Ce qui est nouveau dans le capitalisme occidental apparaît désormais sous le nom de "nouveau consensus de Washington», un réaménagement de la politique économique occidentale provoqué principalement par la montée de la Chine en tant que nouvelle puissance économique qui rivalise globalement avec celles qui sont au centre du système impérialiste, formé et dirigé par les États-Unis, mais composé de l'Europe, du Japon, du Canada, etc. Ce réaménagement, qui n'affecte pas significativement la « suprématie » de la finance, survient désormais aussi du fait de la crise des politiques néolibérales génératrices de croissance et des tensions distributives au sein de ces nations.

Au cœur de cette réorientation se trouve ce qu'on a appelé le néo-industrialisme. "Le nouveau consensus de Washington" - a résumé Michael Roberts dans un article sur votre blog – « vise à maintenir l'hégémonie du capital américain et de ses petits alliés par une nouvelle approche », c'est-à-dire une nouvelle politique industrielle qui vise à garantir principalement à la principale puissance impérialiste (mais aussi aux plus petites et associées) le maintien de hégémonie dans la production de nouvelles technologies et des produits marchands qui en découlent, ainsi que dans l'obtention des intrants nécessaires à leur production.

Gray Anderson, dans un article récent posté sur le site la terre est ronde mentionné qu'une « logique stratégique alimente cette campagne nationale d'investissement aux États-Unis » et ses alliés ; voir, il cherche à "repositionner la production de certains biens sur le continent américain", ainsi qu'à garantir à l'étranger "l'accès aux mines de lithium" et à d'autres matériaux importants qui permettent la production de micropuces, "dans une tentative militarisée de vaincre la Chine ” . Il est évident que la guerre actuelle en Ukraine, dirigée et forcée par les États-Unis, mais initiée par la Russie, fait partie de cette stratégie.

Enfin, il faut dire que la politique industrielle mise en œuvre jusqu'à récemment par le néolibéralisme se modifie dans les pays centraux, mais le néolibéralisme lui-même n'est pas écarté.

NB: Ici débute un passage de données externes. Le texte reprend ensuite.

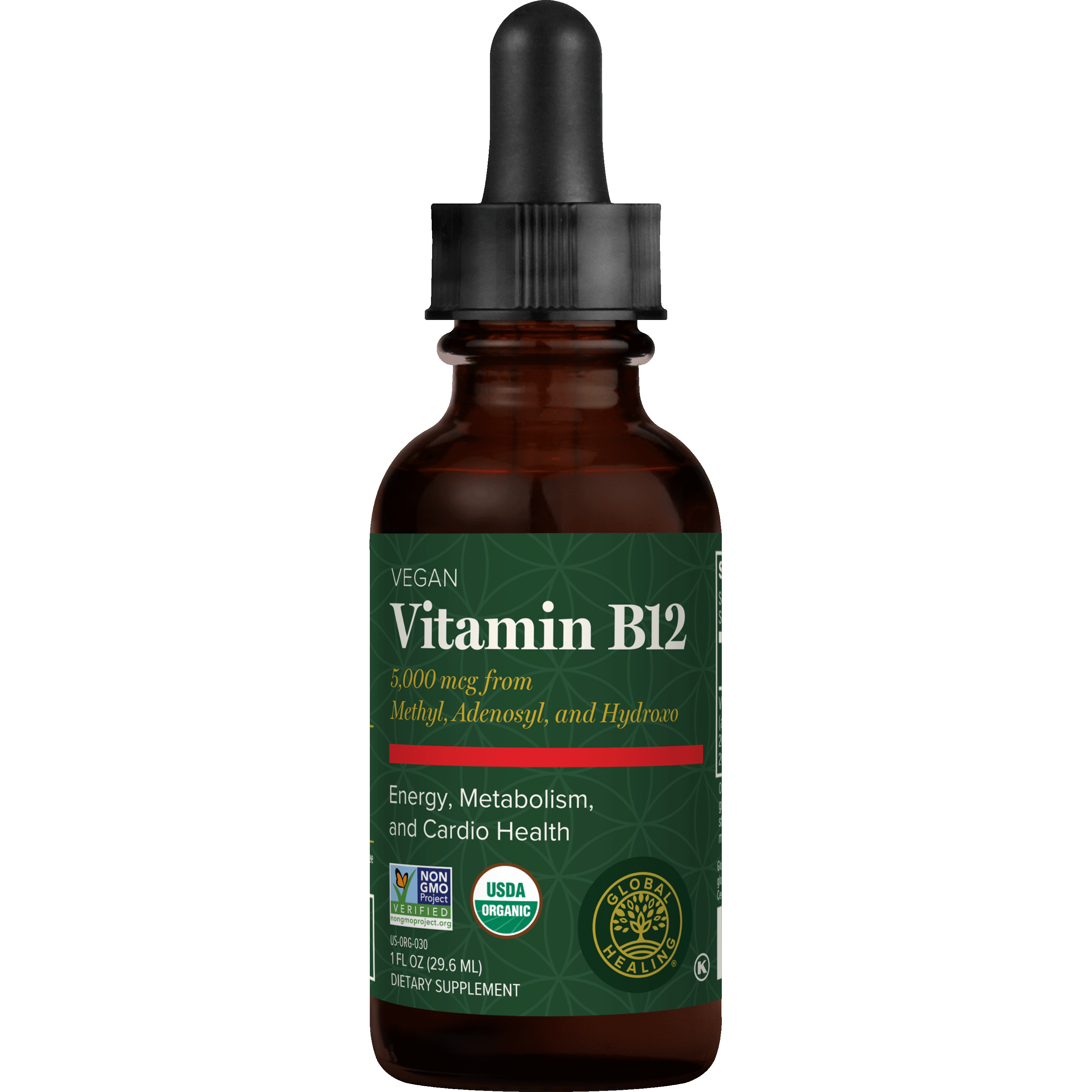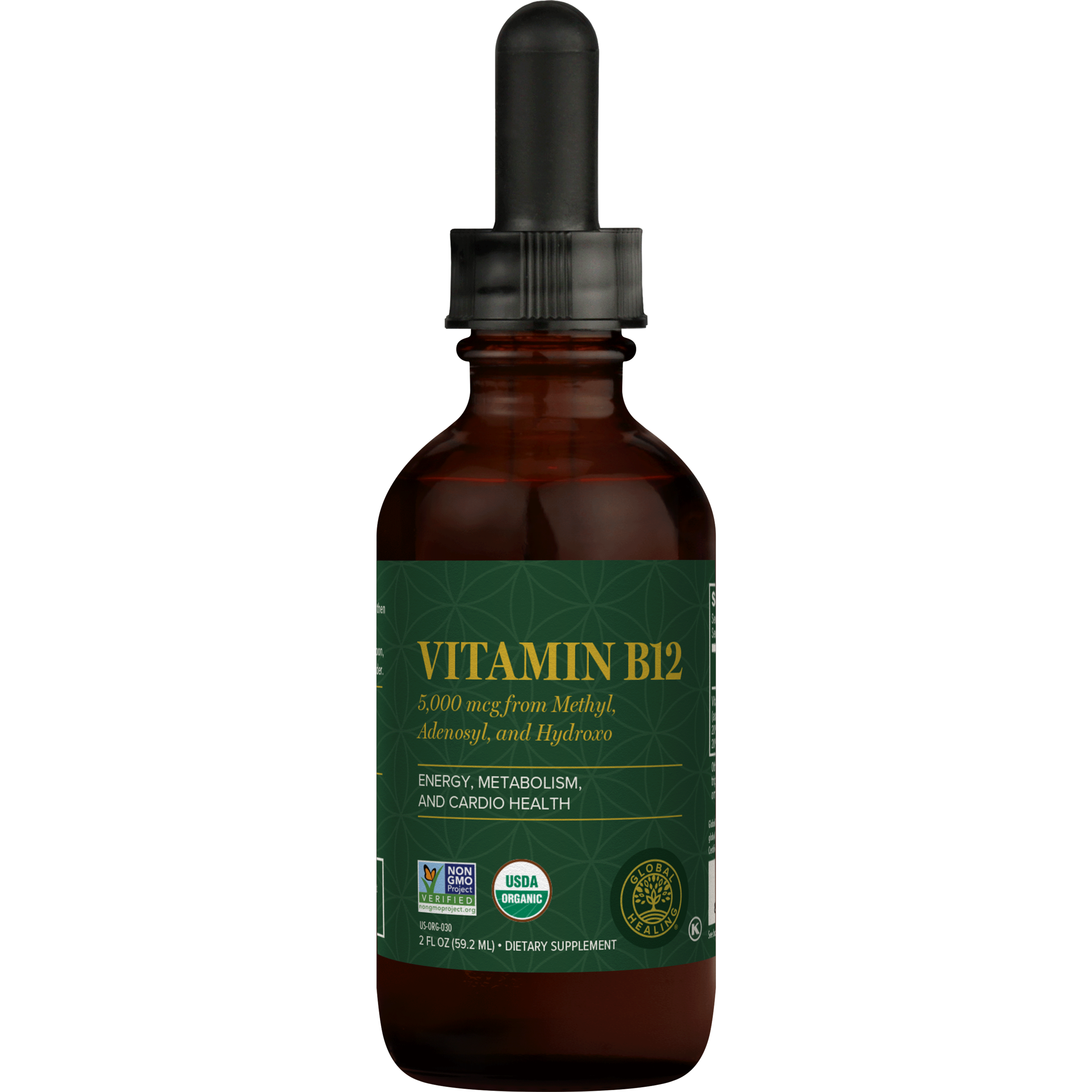 Liquid formula delivering 5,000 µg of three bioactive forms of vitamin B12 — methylcobalamin, adenosylcobalamin, and hydroxocobalamin — for maximum absorption and sustained benefit. Crafted with organically grown, plant-based ingredients in a vegan-friendly blend, this high-potency supplement supports daily vitality and cellular health.

En tant que rationalité qui vise à favoriser une sociabilité asociale (c'est-à-dire individualiste, narcissique et axée sur l'entrepreneuriat), elle ne cessera pas d'exister et de prospérer. Comme l'a déclaré Alejandro Péres Polo dans article très actuel, cette sociabilité, ainsi que la montée de l'extrême droite qui en résulte, est une expression du déclin de l'Occident.

* Eleutério FS Prado est professeur titulaire et senior au département d'économie de l'USP. Auteur, entre autres livres, de De la logique de la critique de l'économie politique (combats anticapitalistes).